June 14, 2006
George Soros's bid to overturn an insider-trading conviction has been rejected by France's highest appeals court, ending the billionaire's fight to erase a legal stain on his 40-year investing career.The Court of Cassation, the tribunal of last resort in France, ended its review of a March 2005 judgment that Soros broke insider-trading laws when he bought Societe Generale SA shares in 1988 with the knowledge that the bank might be a takeover target. The Hungary-born financier has been fighting the case for 17 years.
``The court did not respond to one of our key arguments concerning the fact that the length of the proceedings didn't allow Mr.
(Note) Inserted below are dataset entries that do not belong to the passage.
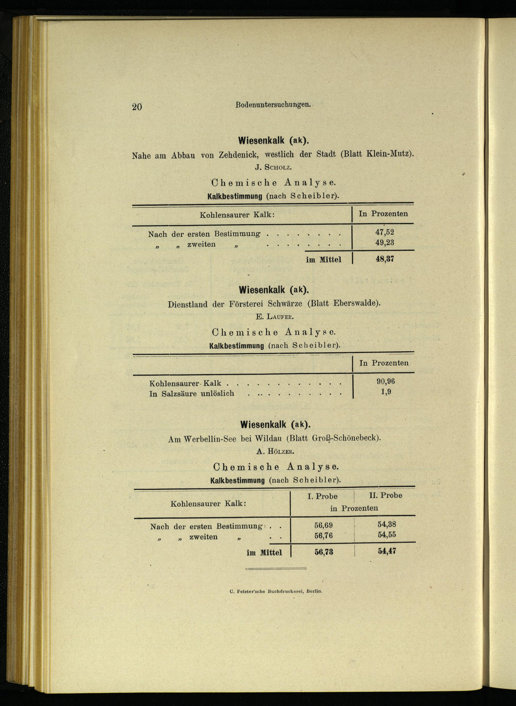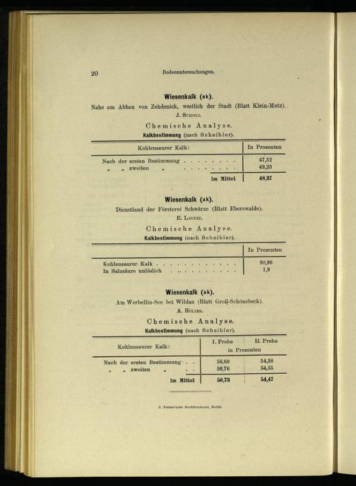 Wiesenkalk(ak). Nahe am Abbau von Zehdenick , westlich der Stadt(Blatt Klein-Mutz). J. SCHOLZ, Chemische Analyse. Kalkbestimmung(nach Scheibler).
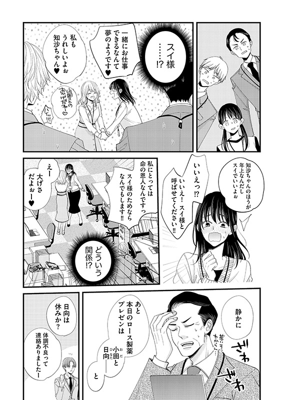 遅刻や欠勤が続き仕事にも影響が出るようになり、スイをはじめ同僚たちが心配する中、心労が重なり社内で倒れてしまう。
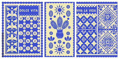 folk art, illustration, pattern, motif, floral, flower, leaf, vase, sun, star, geometric, ornamental, border, frame, design, graphic, artistic, hand-made, craft, vibrant, colourful, blue, yellow, cream, text, quote, inspirational, dolce vita, celebration, joy, happiness, positive, summer, spring, festive, ethnic, bohemian, eclectic, whimsical, stylised
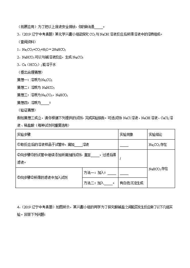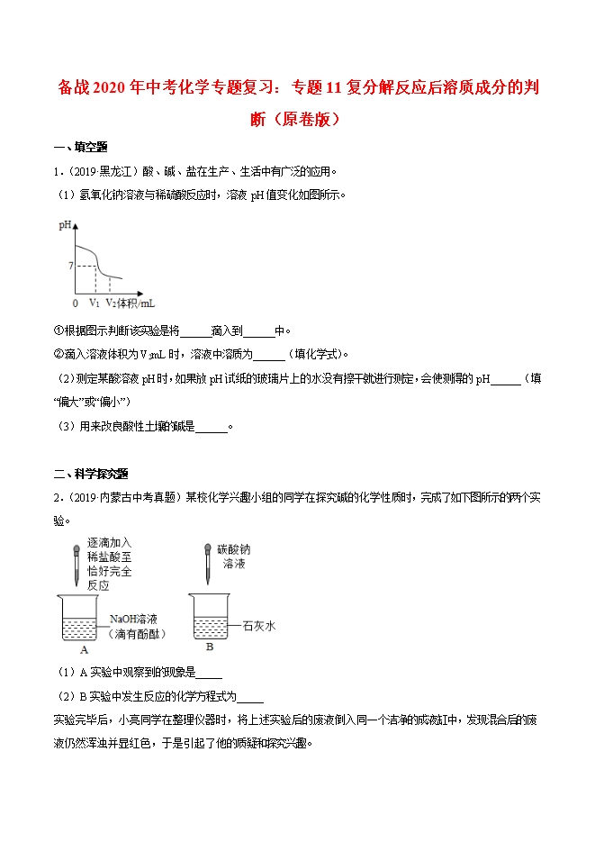 备战2020年中考化学专题复习:专题11复分解反应后溶质成分的判断(原卷版)

Soros to have a fair trial,'' said Ron Soffer, one of Soros's lawyers.
The verdict came as the 75-year-old former financier turned his attention from his investing career to political and charitable activities. Soros had been ordered to pay back 2.2 million euros ($2.8 million) in gains. That amount will now be reviewed, Soffer said.
The 2005 Paris appeals court ruling upheld a 2002 conviction by a first-instance tribunal. The judges rejected Soros's contention that he didn't consider the information that led him to buy Societe Generale shares to be confidential. The French government sold Societe Generale in June 1987 at 407 French francs a share. A year later, after a stock market crash, the shares had fallen to 260 francs.
I wonder – will the final adjudication of this financial scandal lead Democrats and other American Leftists to return donations from Soros and organizations under his control? Or will such disassociation from financial corruption be considered inappropriate by Democrats – though they would scream from it if the case involved a Republican donor?